Auburn football: Tigers look to end 10-game skid, exact revenge for last year's loss to Bulldogs

rblack@ledger-enquirer.comSeptember 13, 2013 

AUBURN, Ala. — The more two teams play, the higher the probability a rivalry will develop.

Cue the “familiarity breeds contempt” adage. In the case of Auburn and Mississippi State, Saturday marks the 10th consecutive year they begin their Southeastern Conference slate opposite the other. That will change next season, as Auburn will kick off the 2014 campaign versus Arkansas. In the past nine SEC openers featuring the Tigers and Bulldogs, Auburn held a decided advantage, posting a 7-2 record.

Given how one-sided the rivalry has been since 2004, it came as no surprise that Mississippi State head coach Dan Mullen considers last year’s 28-10 victory over Auburn — his first time toppling the Tigers since taking over the Bulldogs in 2009 — among his best.

“Just because every year you start off with them, so it adds that natural rivalry,” Mullen said. “I've always felt that way wherever I've been about that first conference game, especially because every year, (we open with) Auburn. If it rotates, it's a little different. But every year, when it's the same team in the first conference game, it makes it huge.”

Another subplot was added to the series during the offseason, when Auburn hired Melvin Smith to coach its cornerbacks. Smith had served in the same position for the Bulldogs the previous seven years. His knowledge of Mississippi State’s offense has made Auburn's preparations for Saturday a bit easier.

“He’s been there for a couple years and he knows the offense pretty well,” cornerback Jonathon Mincy said. “ … (The) defense is trying soak up as much information as we can on all their players and personnel. There’s just great feedback from him.”

Auburn defensive coordinator Ellis Johnson agreed, saying Smith can offer tidbits about players that don’t always show up in film study.

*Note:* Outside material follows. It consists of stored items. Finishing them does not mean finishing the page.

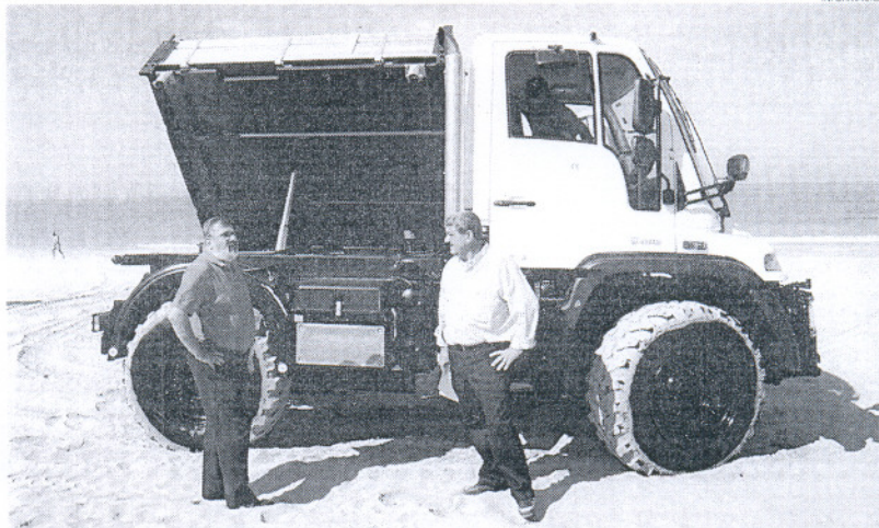
Los responsables de Playas presenciaron las habilidades de este nuevo camión multiuso sobre el terreno.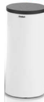
Puffer 200 (200 L)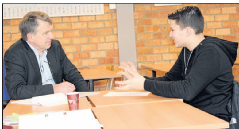
Voor het eerst op sollicitatiegesprek.

De sollicitatiegesprekken vinden plaats op diverse kantoorlocaties in de gemeente De Bilt. Voor de leerlingen is dit meestal hun eerste sollicitatie-ervaring. De spanning is dan ook soms te snijden. Zowel de locatie waar de sollicitatie plaatsvindt, als de degene met wie het gesprek gevoerd wordt, zijn immers nieuw. Ook het soort gesprek is anders dan anders'.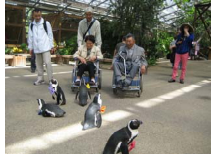
【 交流会の様子 】

孤独になりがちな高齢者が、いつでも支援をしてもらえることの安心感、支援を終えた時の協力会員の達成感と利用会員との信頼関係が地域の活性化につながっている。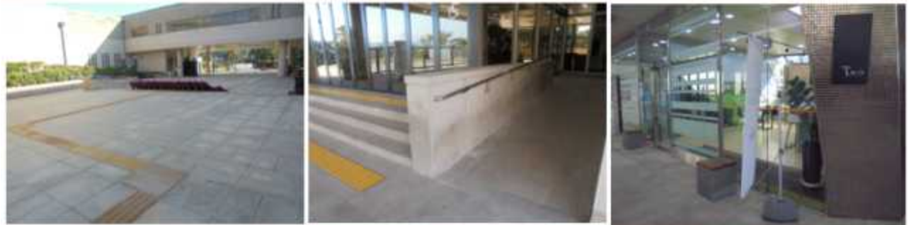
카페(타리) 입구 진입로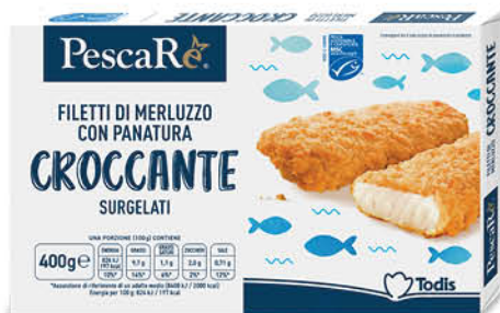
FILETTI DI MERLUZZO CROCCANTE 400 g - € 8,23 al kg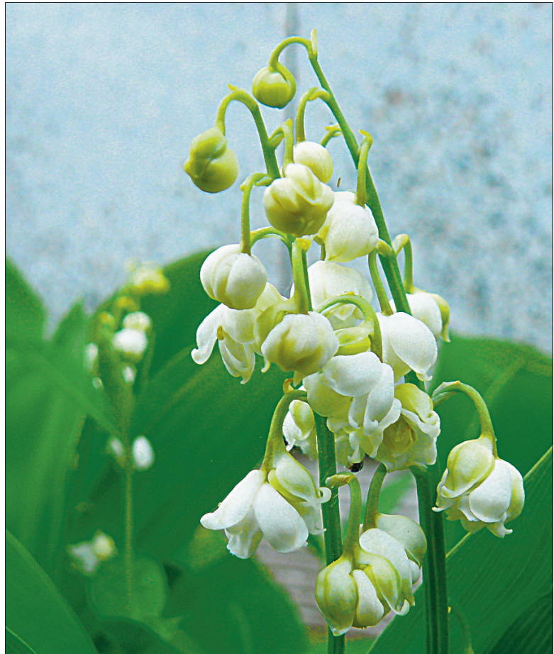
Hariliku maikellukese täidisõieline sort 'Plena'.

Harilik maikelluke on levinud Kesk- ja Lõuna-Euroopast Hiina-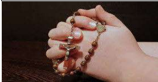
Ogni giorno si recita il Rosario in Chiesa alle ore 18.00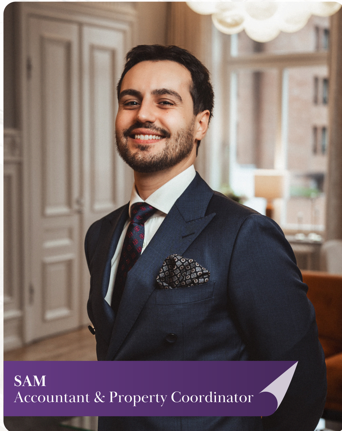
SAM Accountant & Property Coordinator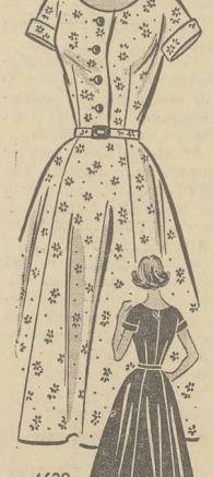
4639 SIZES 12-42 by Anne Adams

Łatwo do uszycia fason. Dopasowany stanik, głęboko wycięty — spódniczka o sześciu kilnach. Nr. 4639 przechodzi w rozmiarach 12, 14, 16, 18, 20, 40 i 42.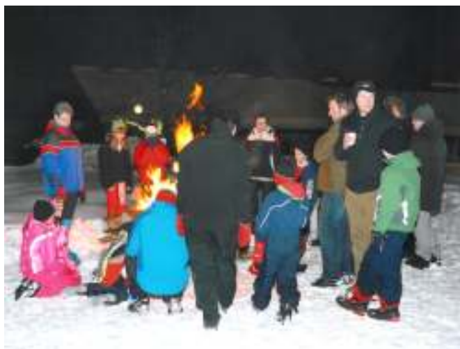
Bålvarme på sletta

“It’s always good to have insight,” he said. “Sometimes a guy doesn’t look fast on tape and he is. Sometimes a guy looks fast and maybe he isn’t. I think (Smith is) a big help.”

With coaching turnover commonplace, Mullen said his offense has made the necessary adjustments to make sure Smith — or any other former member of his staff the Bulldogs might face — can’t give away too much.

“We try to change things up a little bit every year just because of those situations,” he said of Smith’s move to Auburn. “I know teams aren't supposed to videotape guys signaling, but I don't know that everybody maybe follows that rule, so we're pretty cautious about that stuff. So year to year, we try to change a lot of those.”

Even without Smith’s expertise, Johnson knew plenty about Mississippi State’s offense, scheming against it the last two years he was South Carolina’s defensive coordinator in 2010-11.

“Their offensive system has not changed much,” he said. “One year they were in transition between (quarterbacks) (Chris) Relf and Tyler (Russell) and they were a little bit more of the (Tim) Tebow-type offense with Relf. Then they got Tyler back there and they started throwing the ball a little bit more and still running some of their power game and counter game and zone game, but a little less quarterback run.”

Defensively, it was the same story. Auburn head coach Gus Malzahn said the Bulldogs’ defense favorably compares to recent editions.

“It looks like the same Mississippi State teams that we've played the last three or four years,” he said. “They're long, they're fast, they can run and they're physical, and they play very sound football. They make you earn it.”

Every SEC game will be that way, Malzahn said. The coach has been pleased by the way his team has overcome adverse situations to pick up victories in its first two games.

But the true measure of the Tigers will only be reflected in how they perform in their eight conference games this fall.

They’re on the clock starting Saturday.

“You're getting into your league and we're playing against some of the best teams in America and we'll face more adversity,” Malzahn said. “We'll get a chance to see how we respond moving forward.”